Auch nach Abschluss bleiben die Fellows über die ELP-Alumni-Community miteinander verbunden. Ehemalige Teilnehmer wie Mathias Gruber (Fonio.ai), Lukas Höber (Sequestra) oder Lisa Reiss (All But Sugar) bringen ihre Erfahrungen aus der Gründung und dem Aufbau von Unternehmen sowie aus weiteren beruflichen Stationen in das Netzwerk ein.

„Wir wollen Menschen ermutigen, ihre Ideen in die Tat umzusetzen und den Schritt ins Unternehmertum zu wagen. Dafür braucht es nicht nur Wissen, sondern auch Menschen, die ihre Erfahrungen teilen, ehrliches Feedback geben und zur richtigen Zeit die richtigen Fragen stellen. Genau das wollen wir mit unserem Netzwerk ermöglichen“, sagt Markus Raunig, Vorstand der Stiftung Unternehmerische Zukunft.

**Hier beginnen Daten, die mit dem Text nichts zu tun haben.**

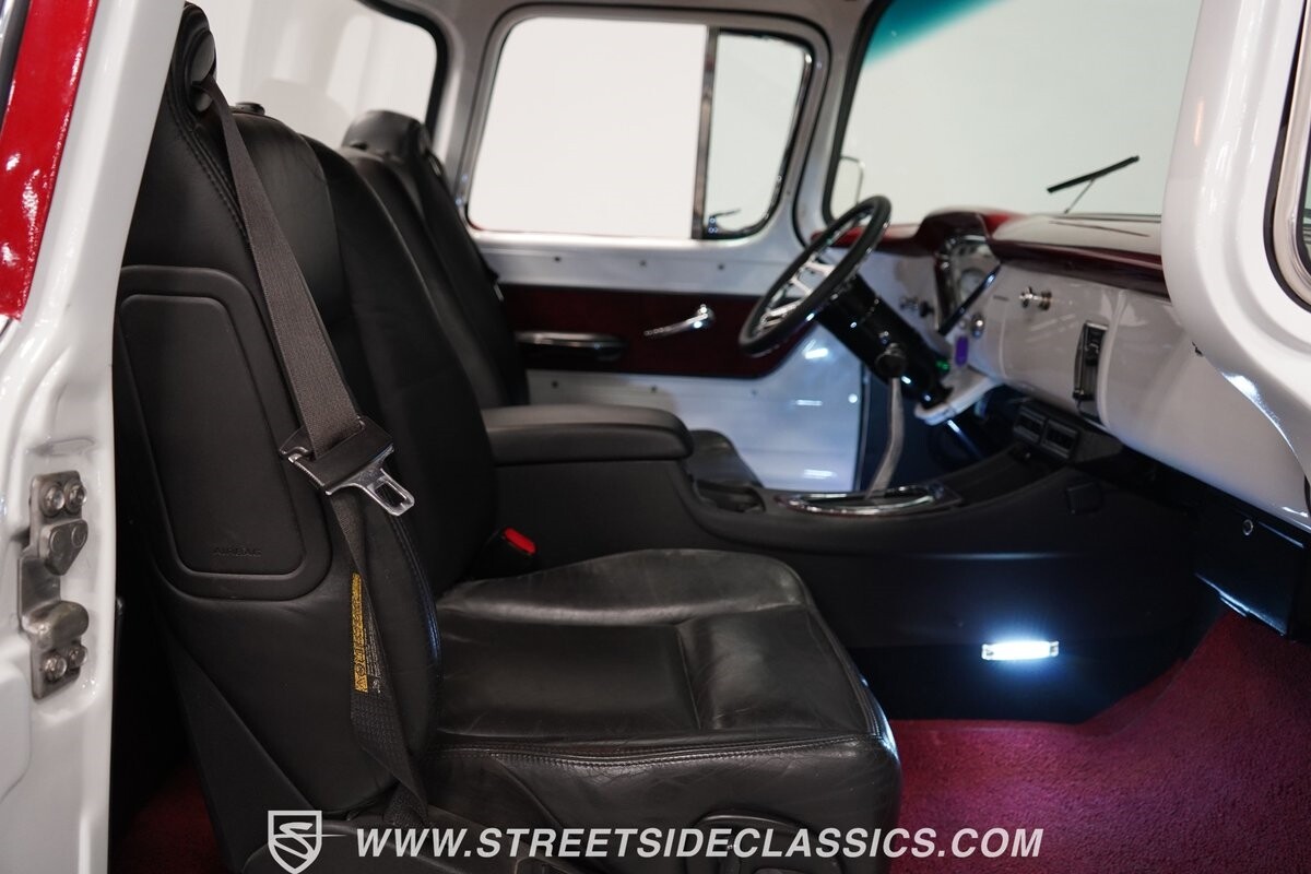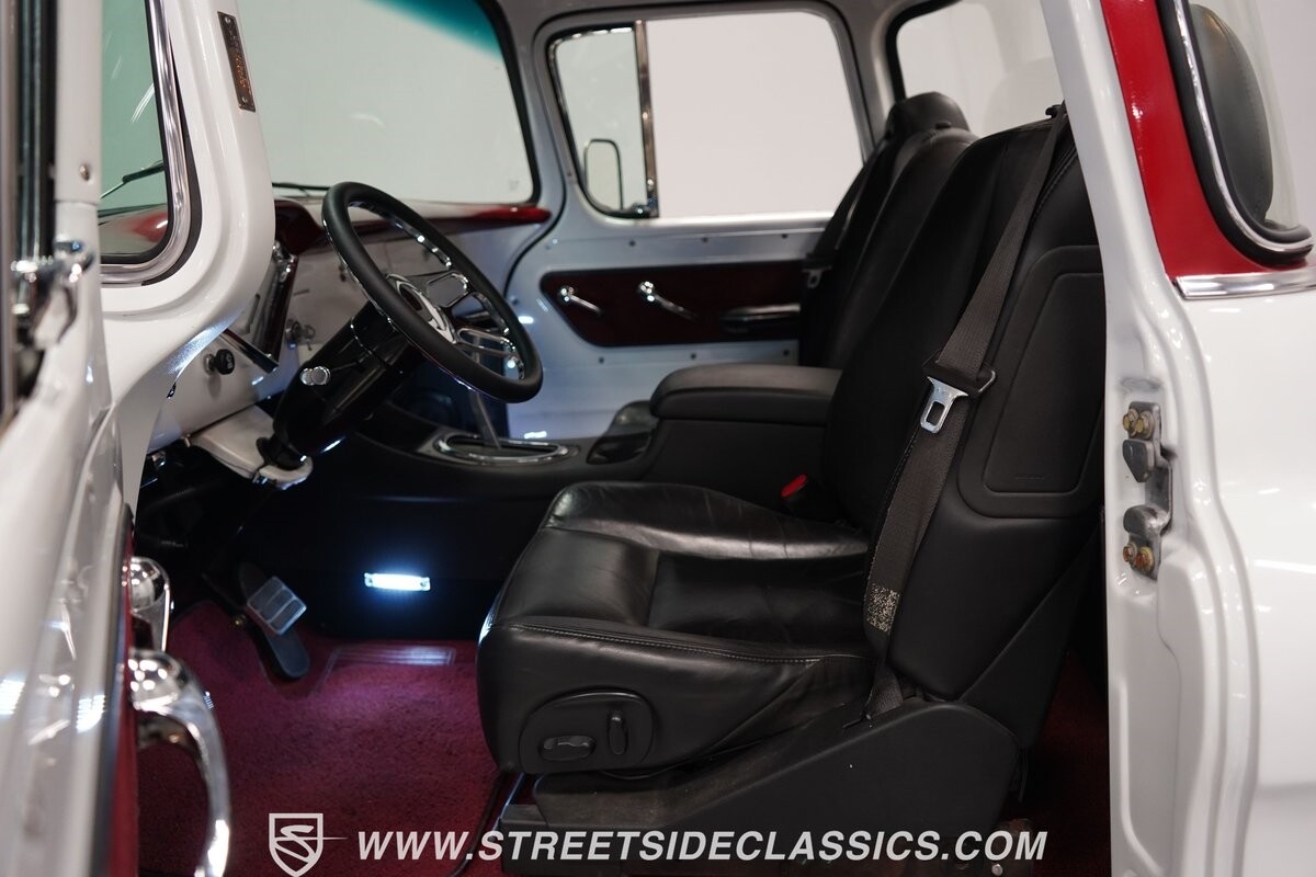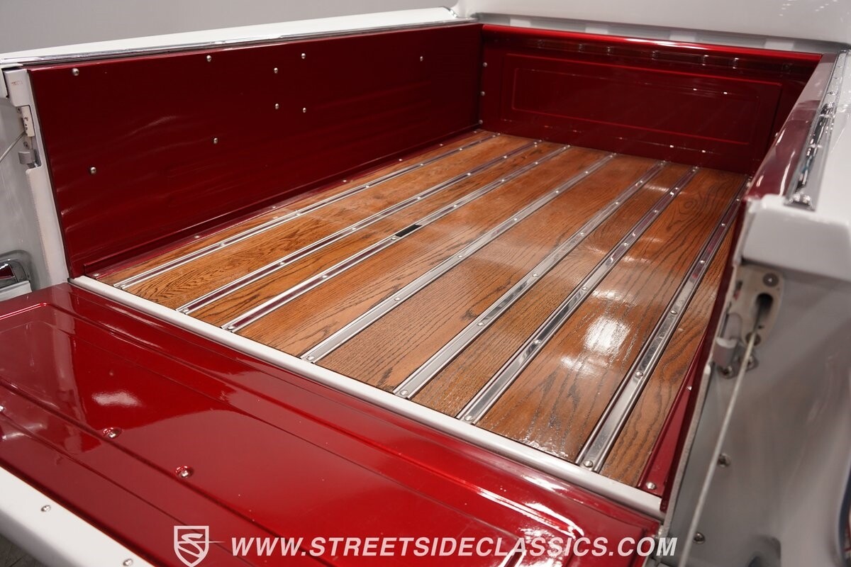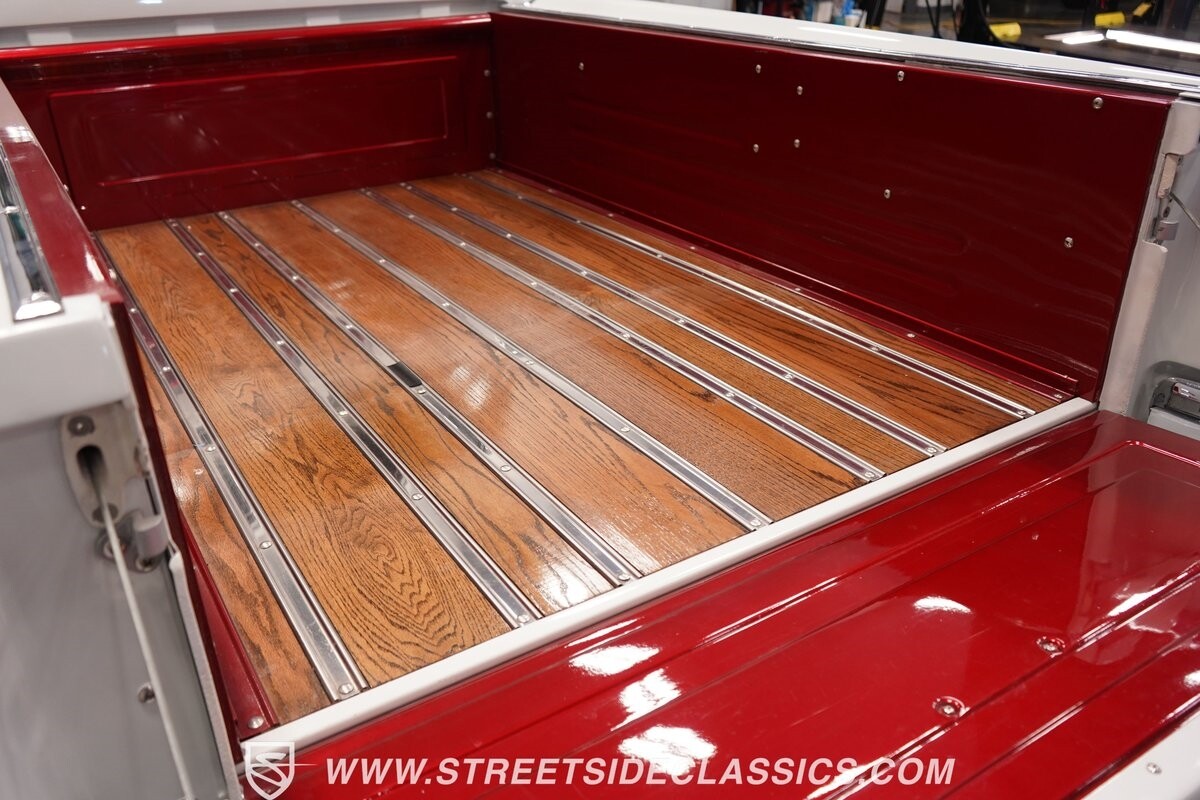 The wraparound rear glass lets in plenty more light to show off this truck's full custom interior. It's quite attractive where the white and red two-tone from the exterior continues with an intricate intertwining on the dash, doors, carpet, and headliner. And it takes to heart the idea that the Cameo was built to be a more comfortable pickup - including an armrest center console, cup holders, an AM/FM/CD stereo, and cold-blowing air conditioning. And this is certainly an upgraded driver with modern bucket seats that power adjust, a tilt steering column, and a full set of Classic Instruments readouts with tach.

Prozess steht im Mittelpunkt

Ebenso ist die praktische Arbeit an den eigenen Ideen ein wichtiger Teil des ELP. Die Teilnehmer:innen beschäftigen sich mit den Problemen und Bedürfnissen von möglichen Kunden, überprüfen ihre Annahmen und entwickeln ihre Ideen auf dieser Grundlage weiter.

Dabei gehe es nicht darum, das Programm bereits mit einem fertigen Unternehmen abzuschließen. Im Mittelpunkt steht vielmehr der Prozess, aus einer ersten Idee schrittweise eine fundierte Grundlage für eine mögliche Gründung zu entwickeln und früh praktische Erfahrungen zu sammeln, wie es heißt.

Das ELP richtet sich daher sowohl an Menschen, die bereits eine konkrete Startup-Idee haben, als auch an jene, die noch nach einer Idee, einem geeigneten Problem oder nach Mit-Gründer:innen suchen. Bewerbungen für die nächste ELP-Kohorte sind noch bis einschließlich Sonntag, 13. September 2026 möglich.